Two immune responses are important for recovery after a heart attack — an acute inflammatory response that attracts leukocyte immune cells to remove dead tissue, followed by a resolving response that allows healing.
Failure of the resolving response can allow a persistent, low-grade nonresolving inflammation, which can lead to progressive acute or chronic heart failure. Despite medical advances, 2 to 17 percent of patients die within one year after a heart attack due to failure to resolve inflammation. More than 50 percent die within five years.
Using a mouse heart attack model, Ganesh Halade, Ph.D., and his University of Alabama at Birmingham colleagues have shown that knocking out one particular lipid-modifying enzyme, along with a short-term dietary excess of a certain lipid, can improve post-heart attack healing and clear inflammation. Halade, an assistant professor in the UAB Department of Medicine, hopes that future physicians will be able to use knowledge from studies like his to boost healing in patients after heart attacks and prevent heart failure.
“Our goal is healing, and we are reaching that goal,” he said of efforts in the UAB Division of Cardiovascular Medicine.
Why are lipids and lipid-modifying enzymes important in inflammation and resolving inflammation? Three key lipid modifying enzymes in the body change the lipids into various signaling agents. Some of these signaling agents regulate the triggering of inflammation, and others promote the reparative pathway.
The lipids modified by the enzymes are two types of essential fatty acids that come from food, since mammals cannot synthesize them. One is n-6 or omega-6 fatty acids, and the other type is n-3 or omega-3 fatty acids. The balance of these two types is important.

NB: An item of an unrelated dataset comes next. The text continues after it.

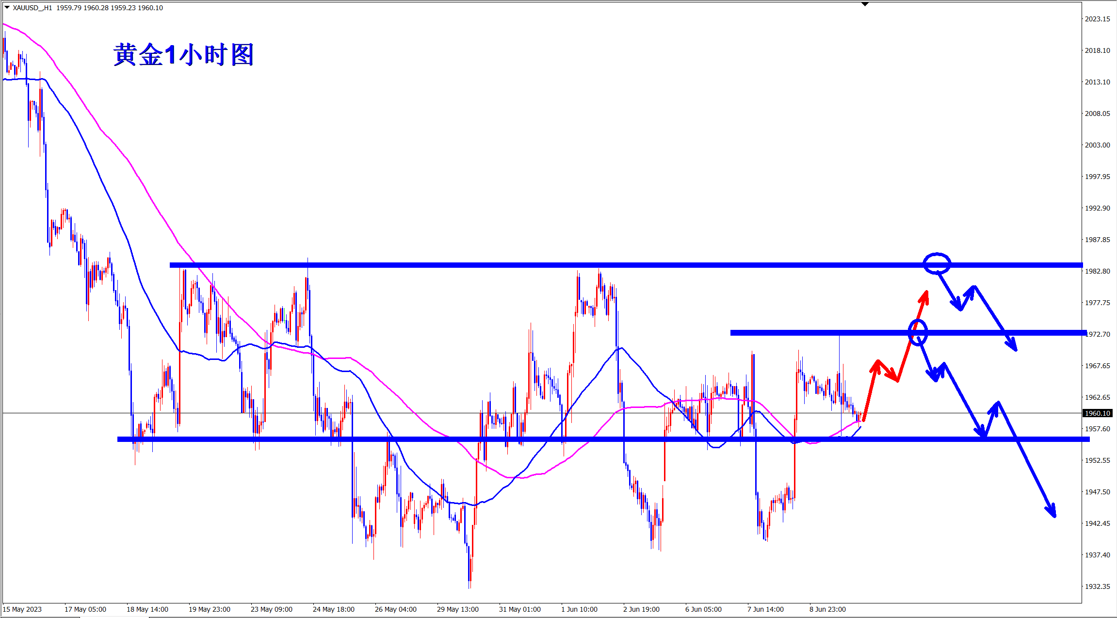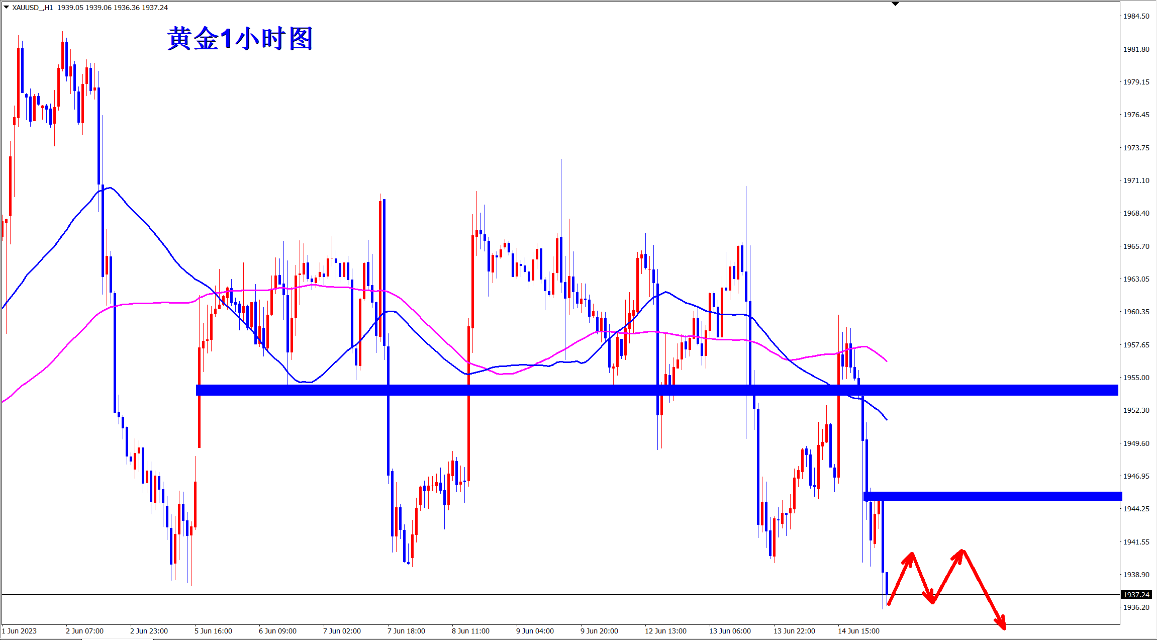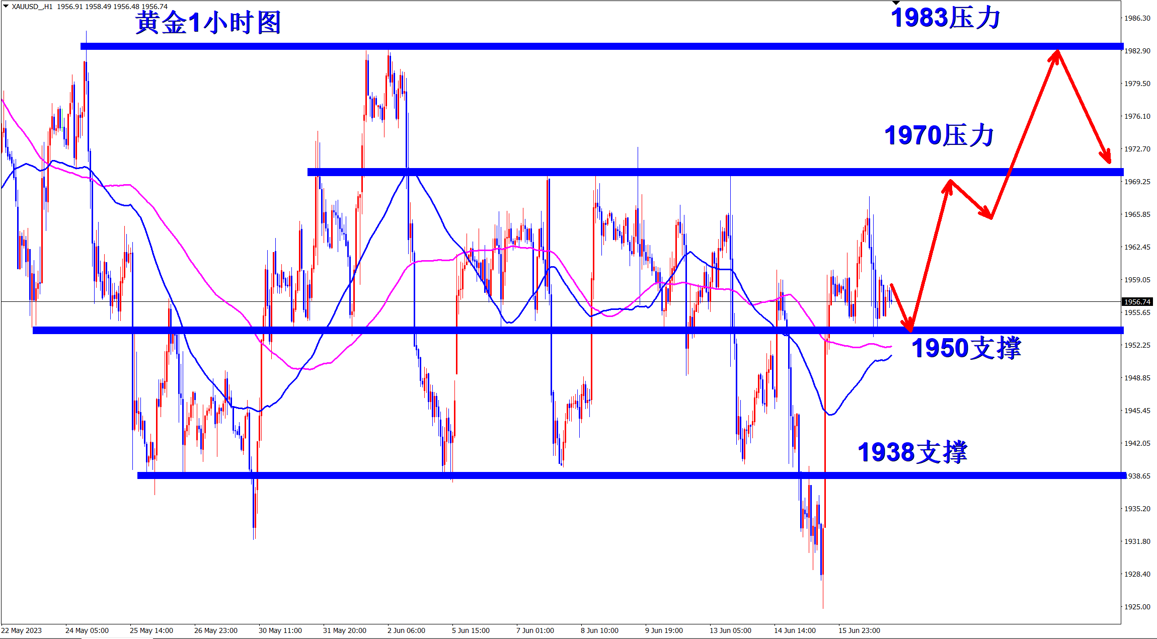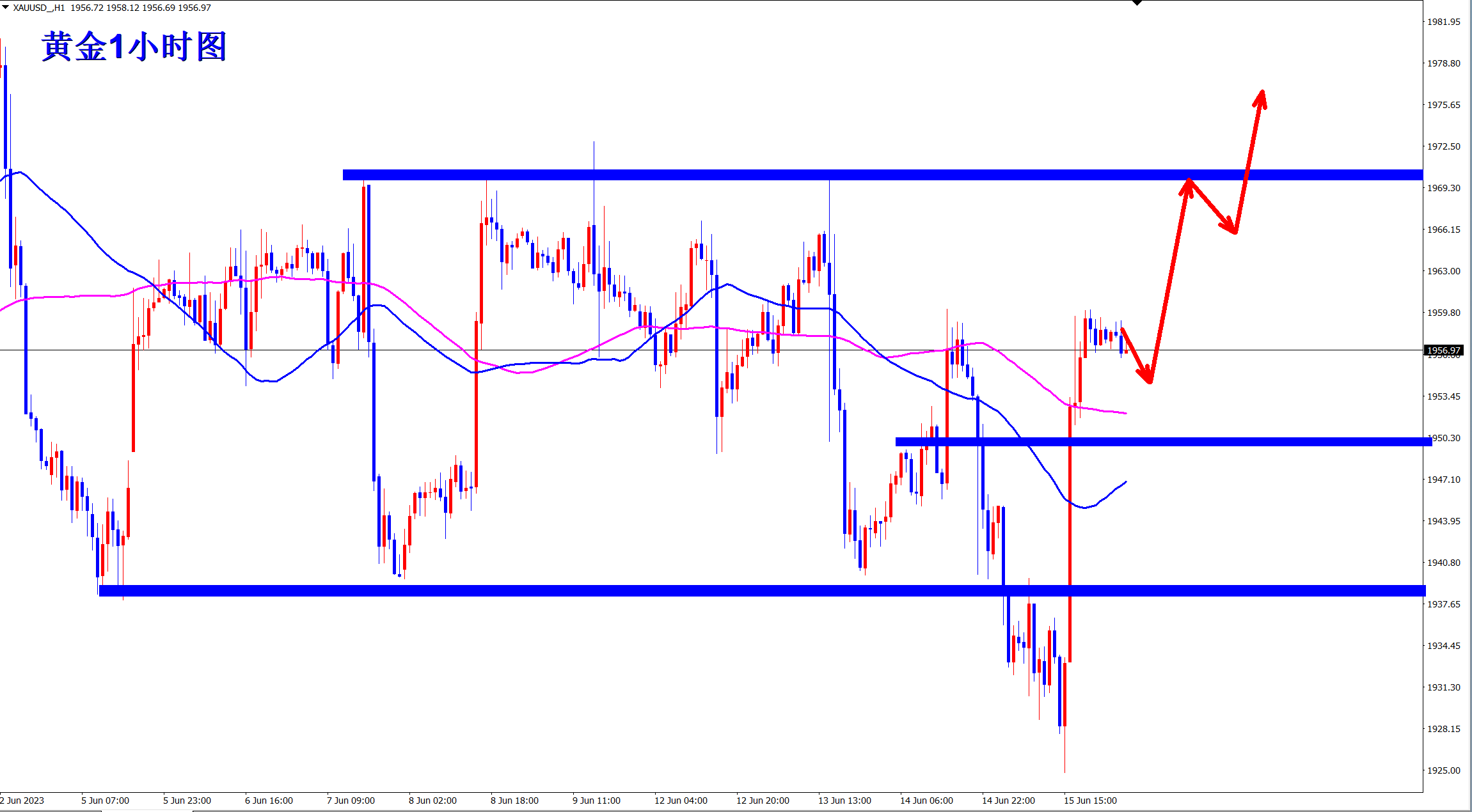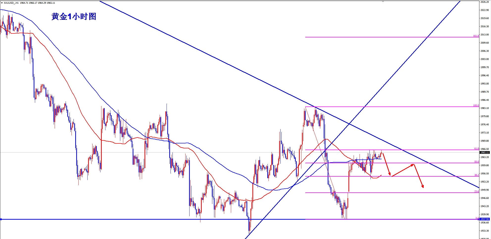 黄金当前反弹,早盘先依托1950的支撑低多看涨,反弹遇阻后再空! 当前的黄金大周期上依旧是空头下跌走势,周线三重大顶,日线上更是不断地新低,短线上黄金则是处于1940-80的大区间震荡过程中,这是属于下跌中继形态!震荡后必将再次下跌新低! 当前黄金探底后快速重新回到区间内继续震荡,现在反弹继续,日内

The Mediterranean diet, with a near balance of omega-3 and omega-6 fatty acids, promotes heart health. The Western diet, with large amounts of omega-6 fatty acids that greatly exceed the levels of omega-3 fatty acids, can lead to heart disease.
“Our goal is healing, and we are reaching that goal.” —Ganesh Halade |
The three main lipid-modifying enzymes compete with each other to modify whatever fatty acids are available from the diet. So, Halade and colleagues asked, what will happen if we knock out one of the key enzymes, the 12/15 lipoxygenase?
They reasoned that this would increase the metabolites produced by the other two main enzymes, cyclooxygenase and cytochrome P450 because they no longer had to compete with 12/15 lipoxygenase for lipids to modify. This might be a benefit because those signaling lipids produced through the cyclooxygenase and cytochrome P450 pathways were already known to lead to major resolution promotion factors for post-heart attack healing.
The UAB researchers found that knocking out the 12/15 lipoxygenase and feeding the mice a short-term excess of polyunsaturated fatty acids led to increased leukocyte clearance after experimental heart attack, meaning less chronic inflammation. It also improved heart function, increased the levels of bioactive lipids during the reparative phase of healing, and led to higher levels of reparative cytokine markers. Additionally, the heart muscle showed less of the fibrosis that is a factor in heart failure.
Besides congestive heart failure, persistent inflammation aggravates a vicious cycle in many cardiovascular diseases, including atherogenesis, atheroprogression, atherosclerosis and peripheral artery disease.
Halade says further mechanistic studies are warranted to develop novel targets for treatment and to find therapies that support the onset of left ventricle healing and prevent heart failure pathology.
Halade is corresponding author of the paper, “Interaction of 12/15 lipoxygenase with fatty acids alters the leukocyte kinetics leading to improved post-myocardial infarction healing,” published in Heart and Circulatory Physiology, a journal of the American Physiological Society.
Besides Halade, co-authors are Vasundhara Kain, Ph.D., Kevin A. Ingle and Sumanth D. Prabhu, M.D., UAB Division of Cardiovascular Disease.
Prabhu is director of the UAB Division of Cardiovascular Disease and the UAB Comprehensive Cardiovascular Center. He holds the Mary G. Waters Chair of Cardiovascular Medicine.